Recent research from the Bureau of Labor Statistics shows that the number of jobs related to statistics is expected to increase by more than 30 percent between 2014 and 2024.
8. SIS reaches students by using technology to teach statistics.
SIS includes a number of tools that students can use to access data such as State Facts for Students, which allows students to discover information about their state; QuickFacts, an application that displays tables, maps, and charts of frequently requested statistics; and Census Business Builder, an easy way to access and use key demographic and economic data.
9. The program can be extended or modified easily.

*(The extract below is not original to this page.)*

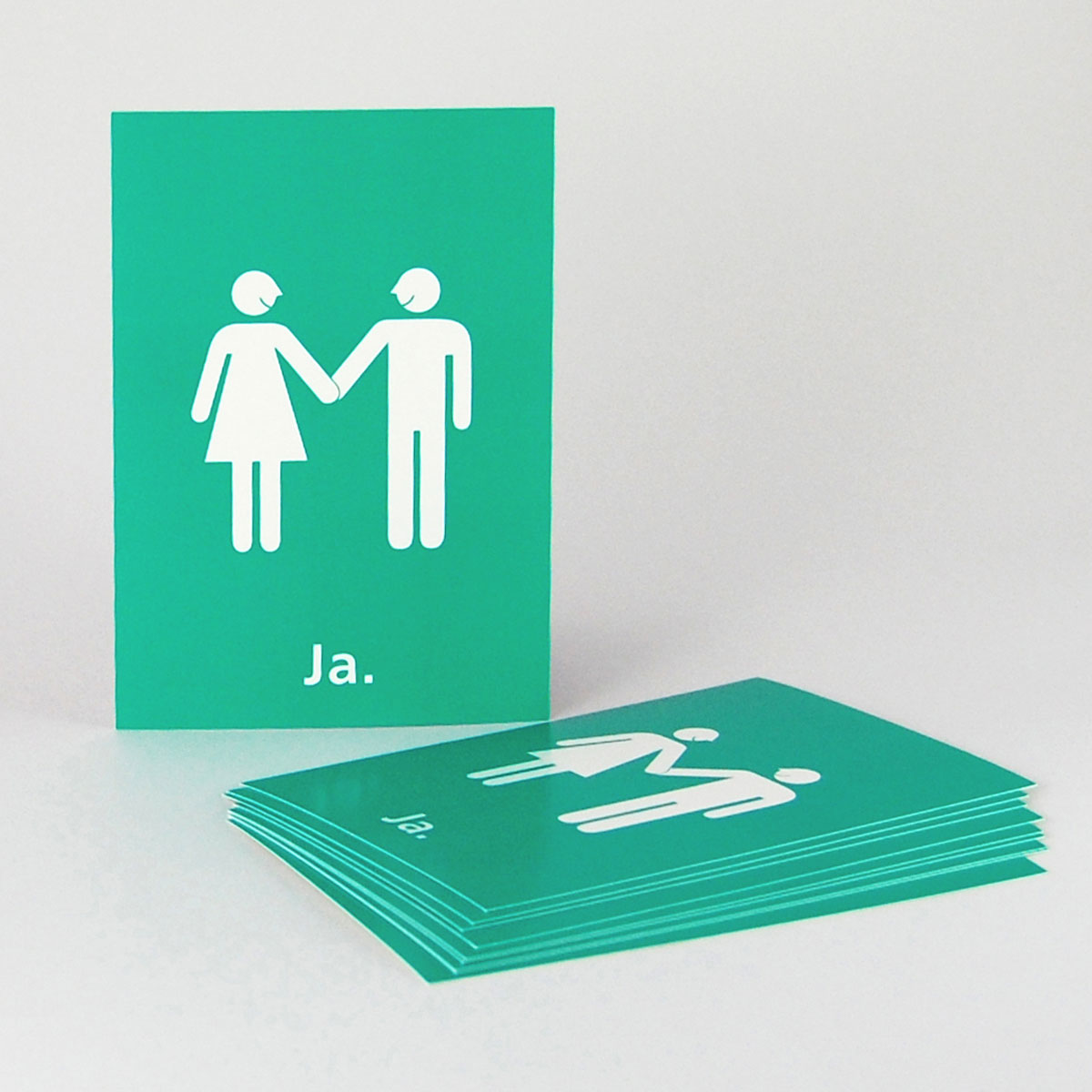 - 100 Postkarten: Hochformat DIN A6 (14,8 x 10,5 cm) - Material: Trucard 240 g/qm (Außenseite leicht glänzend, Innenseite matt) - grüner Offsetdruck 1/0 (HKS 53) - eine Postkarte wiegt knapp 4 Gramm

Not all students have the same skill levels or interests, or learn in the same way. Therefore, SIS gives educators ways to modify activities to meet the unique needs of every classroom. For example, some activities can be tailored using local data.
10. SIS matches activities with relevant education standards and guidelines. These include the following, organized by subject:
English, History and Social Studies
- Common Core State Standards for English Language Arts & Literacy in History/Social Studies, Science, and Technical Subjects
- UCLA National Standards for History
Mathematics and Statistics
- American Statistical Association's Guidelines for Assessment and Instruction in Statistics Education
- Common Core State Standards for Mathematics
- Common Core State Standards for Mathematical Practice
- National Council of Teachers of Mathematics' Principles and Standards for School Mathematics
Educate your students about the value and everyday use of statistics. The Statistics in Schools program provides resources for teaching and learning with real life data. Explore the Census site for standards-aligned, classroom-ready activities.
The GeoCivics Project
The GeoCivics project provides state-based resources to develop skills and knowledge helpful for discussing the apportionment and redistricting process.
These resources prepare and support students, teachers, and community members with education materials and geospatial data, leading them to engage in conversation about the apportionment and redistricting process. Paying attention to where lines are drawn, by whom, and under what circumstances affects how people are governed.
Everyone in the community should be equipped to ask questions of the cartographers and of the people instructing the cartographers.
This project also provides resources to support educators in teaching about the 2020 Census.